Sea Chair Project Harvests Plastic From the Oceans To Create Furniture
cylonlover writes "You may have heard about the huge floating islands of garbage swirling around in the middle of the Earth's oceans. Much of that waterlogged rubbish is made up of plastic and, like Electrolux with its concept vacuum cleaners, U.K.-based Studio Swine and Kieren Jones are looking to put that waste to good use. As part of an ambitious project, they've come up with a system to collect plastic debris and convert it into furniture. Rather than collecting plastic that washes ashore or is snagged as by-catch in fishing nets, the team hopes to one day go where the trash is, collect and convert it to something useful while still at sea. Sea Chair envisions adapting fishing boats into floating chair factories that trawl for plastic and put it into production on-board."

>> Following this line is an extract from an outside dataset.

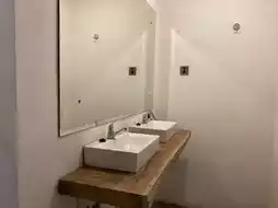 Each room has a toilet, shower, sink, and a locker for each person. There was a small luggage rack and an outlet next to the head.

After a cargo accident, millions of tiny white plastic pellets have been washing up on the Hong Kong's shores. No authority, no government cares. Civilians voluntarily organize cleaning up activities every weekend and the situation is still catastrophic. Uncountable fishes have their stomachs stuffed with plastic pellets, but Hong Kong Government still insists that those fishes are harmless and safe to eat. Those fishes are dying of staving because they couldn't take any more real food, and the Government only cares about whether it is safe to eat them.
Sadly, environmental disasters effect everyone in the same planet but they would hardly raise mass concern.
Despite all the hype - there are no 'islands' of plastic garbage, just areas of the ocean with a few extra tenths of a gram of microscopic bits of plastic per cubic meter. This suggests that it will be very expensive indeed to collect and recycle the plastic.